La demande de la commune a d’abord été rejetée par le TA, puis en 2014 par la CAA de Nantes dont l’arrêt a été cassé par le Conseil d’État en 2015 pour insuffisance de motivation. L’affaire est ici jugée à nouveau par la CAA de Nantes, qui donne cette fois satisfaction à la commune et condamne le département à lui verser une indemnité de 500 000 euros.

L’affirmation du caractère obligatoire du service de restauration des collégiens. La loi du 13 août 2004 sur les libertés et responsabilités locales a transféré aux départements pour les collèges (et aux régions pour les lycées) le service de restauration des élèves : le département "assure" la "restauration" et "l'hébergement" dans les collèges dont il a la charge (article L.213-2 du code de l’éducation). Dans le présent arrêt, la CAA interprète ce texte comme confiant au département un "service public obligatoire" dont la collectivité ne peut se dispenser, sauf à engager, comme en l’espèce, sa responsabilité.

Une affirmation discutable.
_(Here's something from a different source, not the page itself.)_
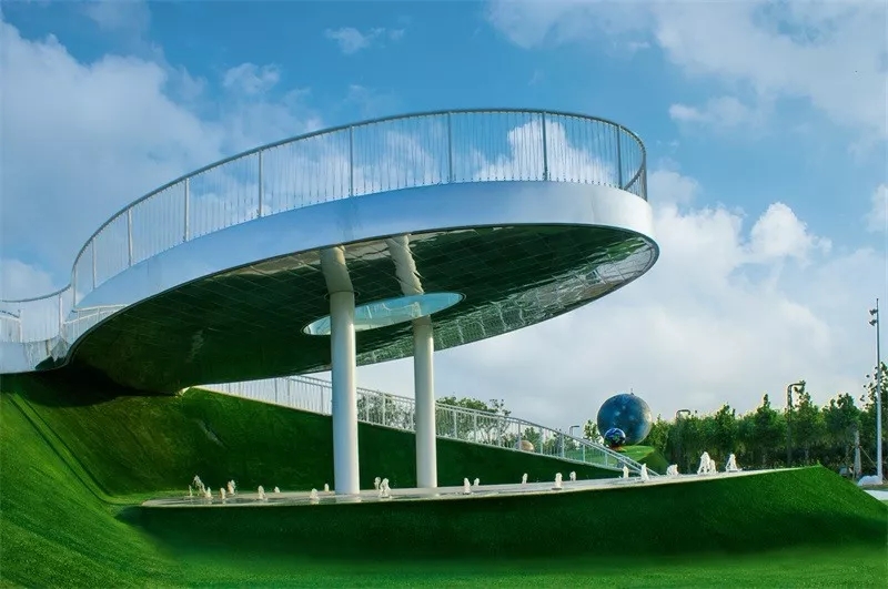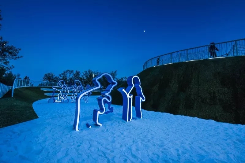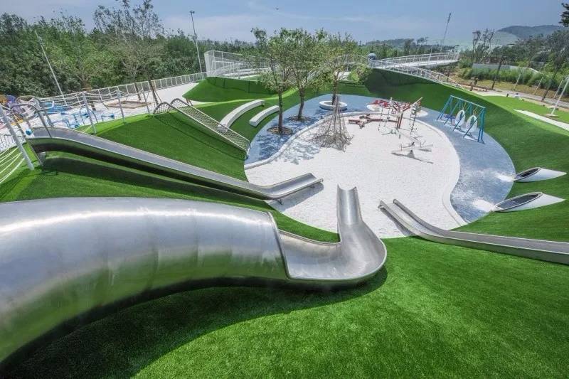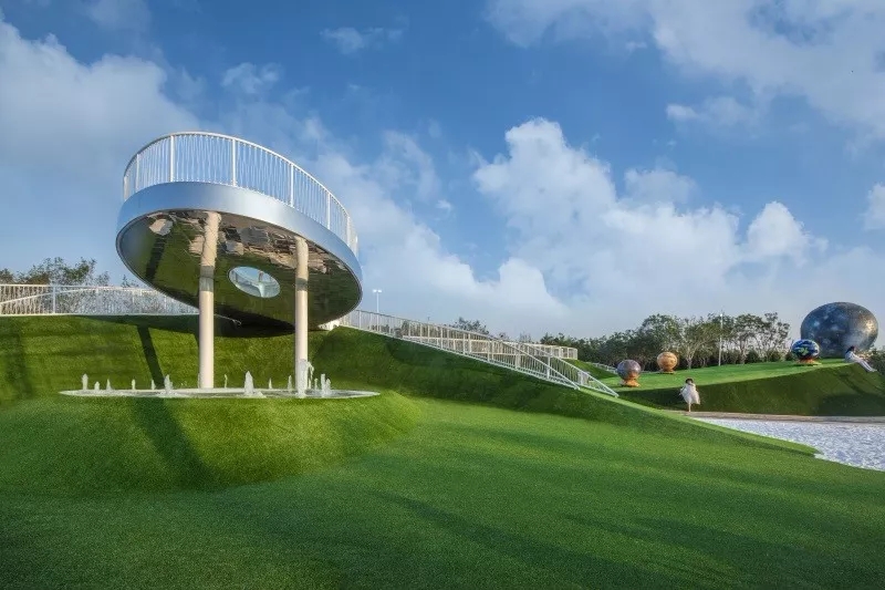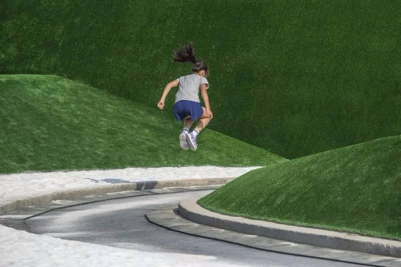 傾斜的鏡面噴泉、瞭望臺(tái)、運(yùn)動(dòng)場(chǎng),再一次顛覆常規(guī)意識(shí),讓兒童感知引力所帶來(lái)的驚喜。

Au cours de la procédure précédant cet arrêt, jamais la question du caractère obligatoire ou facultatif du service de restauration dans les collèges n’avait été évoquée par les juges : ceux-ci s’étaient contentés de parler de "la mission de service public" de restauration et d’hébergement des collégiens – et c’est bien cette mission qui a été transférée aux départements par la loi de 2004. Pour autant, cette mission correspond-elle à un service public obligatoire, comme le juge la CAA de Nantes ? On peut en douter sérieusement, pour plusieurs raisons.

D’une part, avant le transfert, la restauration était bien un service public facultatif : "Un service d’hébergement peut être annexé à un collège…" (article 1 du décret n°85-934 du 4 septembre 1985 relatif au fonctionnement du service annexe d’hébergement des EPLE). Il était clair que le service n’était alors obligatoire ni pour l’État ni pour les élèves – et dans la présente affaire, l’État avait refusé de le prendre en charge. En quoi, le transfert de compétence l’aurait-il mué en service obligatoire ?

D’autre part, c’est la mission de restauration et d’hébergement dont la responsabilité appartient désormais à la collectivité locale : en vertu du principe de libre administration, il lui revient de l’organiser (implantation, mutualisation, mode de gestion, tarification) et de la financer ; rien ne l’oblige à le créer dans tous les établissements, mais une fois que la collectivité a décidé de le mettre en place, elle a certes l’obligation de le prendre en charge. Telle est la situation des cantines scolaires des communes, dont le caractère facultatif ne fait aucun doute (Conseil d’État, 5 avril 1984, n°47875). D’ailleurs, dans ses textes, le Ministère de l’Intérieur ne fait pas de différence entre les services de restauration scolaire à tous les niveaux (Circulaire du 16 août 2011 relative aux cantines scolaires : "La loi du 13 août 2004 transfère aux collectivités locales la responsabilité de la restauration scolaire. La cantine scolaire est alors un service public facultatif proposé par elles"). L’Observatoire de la laïcité adopte la même position ("Laïcité et collectivités locales", 2013)

Les enjeux. Le caractère obligatoire du service de restauration et d’hébergement aurait au moins deux conséquences :

  • d’une part, l’obligation de le créer dans tous les établissements scolaires, dès lors qu’une demande, même très réduite, se manifesterait – ce qui conduirait à le mettre en place partout (il existe des exceptions aujourd’hui) et à multiplier les internats ;
  • sans doute, d’autre part, l’obligation d’offrir des repas respectueux des différentes convictions religieuses – ce qui, selon la jurisprudence et l’Observatoire de la laïcité, n’est pas obligatoire compte tenu du caractère facultatif du service.

Affaire à suivre, notamment si le département d’Indre-et-Loire a déposé un pourvoi devant le Conseil d’État.